Câmaras crioterapêuticas expõem os jogadores a temperaturas muito baixas – cerca de menos 160 graus Celsius por curtos períodos de tempo.
Alguns teóricos acreditam que isso pode ajudar a acelerar a recuperação do corpo, mas outros dizem que a evidência é insatisfatória.
Telômeros e animais imortais.
Em 2012, um grupo de cientistas da Universidade de Nottingham (Reino Unido) descobriu uma espécie de verme que pode se dividir “potencialmente para sempre” e, assim, curar a si mesmo. Outra criatura “imortal” descoberta recentemente é a água-viva Turritopsis dohrnii.
Alguns pesquisadores esperam que esses achados proporcionem uma nova visão de como pode ser possível aliviar o envelhecimento em células humanas.
Nossas células-troncos envelhecem, e por isso se tornam menos capazes de substituir células especializadas nos tecidos do nosso corpo. Já nos vermes, por exemplo, as células-tronco são de alguma forma capazes de evitar esse processo de envelhecimento. Os pesquisadores acreditam que a chave para atingir isso nos humanos está na compreensão da função dos telômeros – as extremidades de um cromossomo que protegem as células contra a degradação.
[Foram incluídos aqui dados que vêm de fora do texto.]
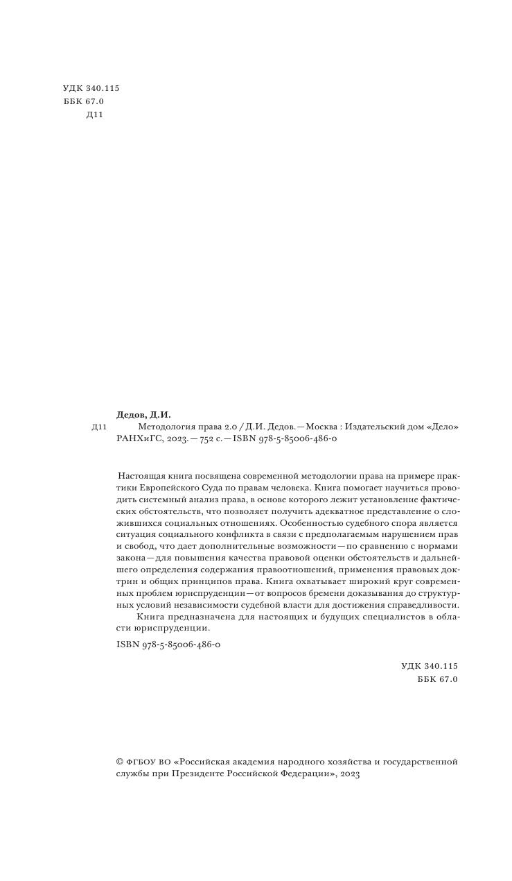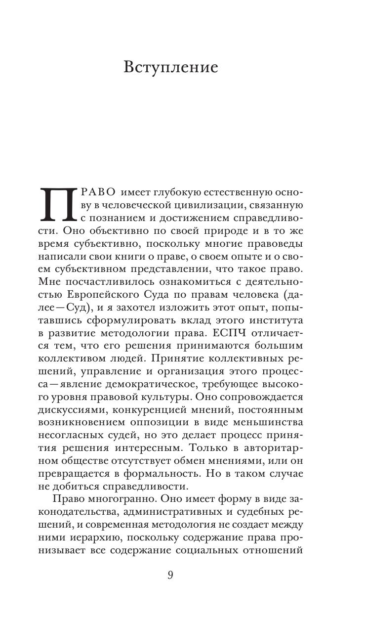 Настоящая книга посвящена современной методологии права на примере практики Европейского Суда по правам человека. Книга помогает научиться проводить системный анализ права, в основе которого лежит установление фактических обстоятельств, что позволяет получить адекватное представление о сложившихся социальных отношениях. Особенностью судебного спора является ситуация социального конфликта в связи с предполагаемым нарушением прав и свобод, что дает дополнительные возможности — по сравнению с нормами закона — для повышения качества правовой оценки обстоятельств и дальнейшего определения содержания правоотношений, применения правовых доктрин и общих принципов права. Книга охватывает широкий круг современных проблем юриспруденции — от вопросов бремени доказывания до структурных условий независимости судебной власти для достижения справедливости. Книга предназначена для настоящих и будущих специалистов в области юриспруденции.

Eles pensam que, se encontrarmos uma maneira de preservar os telômeros, estaremos mais perto de derrotar o envelhecimento.
Clonagem e substituição de partes do corpo.
Outra importante área de investigação é a criação e substituição de órgãos. Muitas pessoas morrem devido à falência de órgãos, então não depender de doadores seria um grande passo para a medicina.
Os cientistas já implantaram com sucesso rins cultivados em laboratório, em ratos. Se a terapia puder ser replicada a um custo acessível nos seres humanos, poderia revolucionar a saúde. Os primeiros trabalhos para a criação de órgãos usando impressoras 3D produziram resultados promissores.
Nanotecnologia.
A substituição de órgãos provavelmente será apenas parte da solução, no entanto. Muitos cientistas acreditam que a longevidade através da reparação do corpo humano necessita de um enfoque mais amplo.
Alguns creem que a nanotecnologia pode ser capaz de ajudar a curar doenças.
A implantação de pequenos robôs (ou nanobots) no corpo humano pode ajudar a superar os problemas de replicação do DNA incorreta – uma das causas centrais do envelhecimento.
A pesquisa nanotecnológica é interessante, mas pode estar mais longe de encontrar uma solução para o envelhecimento do que outros tratamentos biomédicos mais tradicionais.